Dębski został zastrzelony 11 kwietnia 2001 roku w Warszawie w pobliżu restauracji, w której przebywał z gronem znajomych, w tym z Haliną G. "Inka" była jedynym świadkiem zbrodni i to właśnie ona wskazała zabójcę.
Zleceniodawcą morderstwa miał być Jeremiasz Barański, psuedonim "Baranina", uznawany za rezydenta pruszkowskiej mafii w Austrii.
Halina G. od sześciu lat przebywa w więzieniu.
Wyrok z marca ubiegłego roku, uprawomocniony dziś przez Sąd Apelacyjny, zapadł w drugim już procesie Haliny G. O jego powtórzeniu zdecydował w marcu 2004 roku Sąd Apelacyjny, który uchylił poprzedni, taki sam wyrok - 8 lat więzienia
Prokuratura domagała się nadzwyczajnego złagodzenia kary dla Haliny G. Występowała o 7 lat i 11 miesięcy pozbawienia wolności. Podkreślano, że kobieta podczas śledztwa współpracowała z organami ścigania i dużo opowiedziała o kulisach działalności Barańskiego, mafijnego bossa, domniemanego zleceniodawcy zabójstwa ministra Dębskiego.

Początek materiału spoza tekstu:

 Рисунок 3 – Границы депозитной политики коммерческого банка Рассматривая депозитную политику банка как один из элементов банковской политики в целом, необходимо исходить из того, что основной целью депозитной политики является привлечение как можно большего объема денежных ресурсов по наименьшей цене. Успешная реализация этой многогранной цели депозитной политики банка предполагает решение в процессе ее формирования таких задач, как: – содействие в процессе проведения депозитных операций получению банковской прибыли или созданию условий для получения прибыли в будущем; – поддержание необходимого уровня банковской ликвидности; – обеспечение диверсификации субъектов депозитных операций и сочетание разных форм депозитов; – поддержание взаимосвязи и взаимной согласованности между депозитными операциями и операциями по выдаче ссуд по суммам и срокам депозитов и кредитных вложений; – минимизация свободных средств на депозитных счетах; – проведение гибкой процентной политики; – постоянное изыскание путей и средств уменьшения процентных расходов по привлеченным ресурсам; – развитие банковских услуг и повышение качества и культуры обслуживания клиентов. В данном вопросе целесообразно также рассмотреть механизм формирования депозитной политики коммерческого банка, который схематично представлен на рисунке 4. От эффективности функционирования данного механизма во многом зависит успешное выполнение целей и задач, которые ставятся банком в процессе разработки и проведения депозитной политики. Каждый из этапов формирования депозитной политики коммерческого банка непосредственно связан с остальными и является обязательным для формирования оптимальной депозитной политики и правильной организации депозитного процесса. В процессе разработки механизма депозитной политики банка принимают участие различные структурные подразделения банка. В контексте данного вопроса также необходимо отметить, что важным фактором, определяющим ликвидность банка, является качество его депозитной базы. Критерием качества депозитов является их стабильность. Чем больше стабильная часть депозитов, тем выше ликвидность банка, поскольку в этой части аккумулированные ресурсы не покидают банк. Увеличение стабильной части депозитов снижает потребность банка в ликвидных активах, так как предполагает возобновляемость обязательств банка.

Pełnomocnik oskarżycielki posiłkowej, wdowy po Jacku Dębskim, żądał dla oskarżonej nie mniej niż 15 lat więzienia. Zdaniem adwokata, "Inka" nie pomagała, lecz współuczestniczyła w zabójstwie Jacka Dębskiego.
Z kolei obrona Haliny G. domagała się uniewinnienia oskarżonej. Zdaniem obrońców, została ona cynicznie wykorzystana i zmanipulowana przez zleceniodawcę zabójstwa.